Prior to LGS treatment, 1 mL of PBS was removed from the prepared samples to lower the height of remaining solution to 1 mm. The prepared LGS substrate was placed spacer side down, thereby covering the biofilm surface of the coverslips. LGS treatment was administered across the entire sample for the following treatment groups: LGS 0h, LGS 24h, LGS + G[31 μg/mL], LGS + G[62 μg/mL], and LGS + G[124 μg/mL]. This was accomplished by focusing a 1064 nm Nd:YAG laser (Brilliant B, Quantel, France; fluence 110 mJ/mm2, pulse duration 5 ns, spot size 9 mm), to a 3 mm spot size with a long working distance lens. Using a camera attached to the scanning head, an image of the 13 cm × 10 cm scanning area was imported into an in-house controller software, programmed in Matlab (Mathworks, Natick, MA). The software actuates a pair of mirrors close to the lens to raster scanned the focused beam over the sample, based on the location of the sample in the image. This allowed for flexibility in the treatment for sample size (not needed for this study) and for sample placement. For each individual treatment, the laser ablates the thin titanium film confined between waterglass and the polycarbonate. The waterglass directs the resultant shockwave from the metal ablation down into the biofilm, while the polycarbonate provides structural integrity to the titanium film and is opaque to the laser wavelength, to prevent laser bleed-through to the sample.
After the treatment, the samples were washed three times with 4°C PBS and transferred to a new six-well plate with 2 mL of fresh 4°C PBS. LGS 0h was immediately analyzed for CFU counts and biofilm burden. PBS was removed from LGS 24h, LGS + G[31 μg/mL], LGS + G[62 μg/mL], and LGS + G[124 μg/mL] samples and 2 mL of TSB containing 0, 32, 64, 128 μg/mL gentamicin (Sigma-Aldrich, St.
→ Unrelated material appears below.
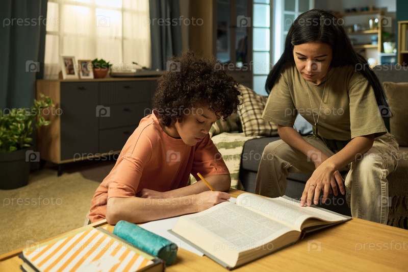 Военная женщина помогает мальчику-претенденту изучать домашнее задание дома
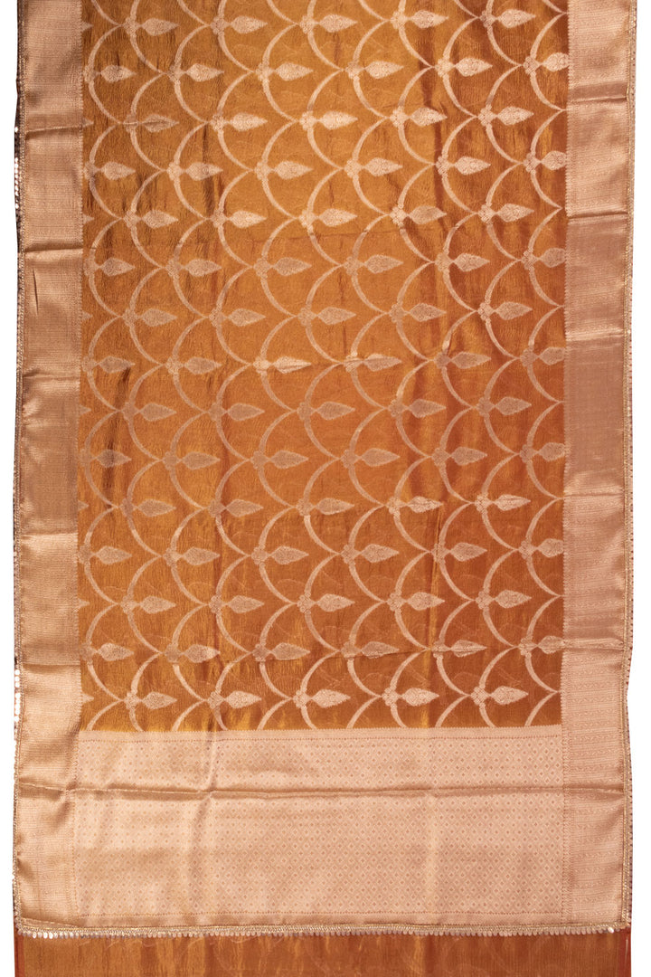 This vibrant Brown Banarasi Saree is crafted with Tissue Organza fabric featuring a delicate Sequin Border and intricate jaal design on the body. Experience the luxurious feel of tissue and elegance of Banarasi weaving. Perfect for weddings and special occasions, this saree is a must-have in your wardrobe!

Louis, MO) was added to each well. The samples were then incubated at 37°C for 24 hours. Afterwards, the samples were washed three times with 4°C PBS and transferred to new wells. 2 mL of 4°C PBS was added to each well and the samples were kept on ice until ready to be analyzed via CFU counts and biofilm assay.
Non-LGS-treated samples (0h+, 24h+, G[31 μg/mL], G[62 μg/mL], G[124 μg/mL]) were treated similarly, with the exception that no prior LGS treatment was performed.
Biofilm bioburden assay
Bacterial biofilm burden was measured based a protocol previously described by Merritt et al. (25). PBS was first removed from each well of the sample. The samples were then stained with 2 mL of 0.1% crystal violet for 10 minutes. The excess staining solution was removed and the samples were washed three times with 2 mL of PBS. The plates were allowed to air dry overnight in a fume hood. 2 mL of 30% acetic acid were added to each well to resolubilize the dye. The OD600 of the solutions was then measured with a spectrophotometer (GE Healthcare BioSciences AB, Uppsala, Sweden).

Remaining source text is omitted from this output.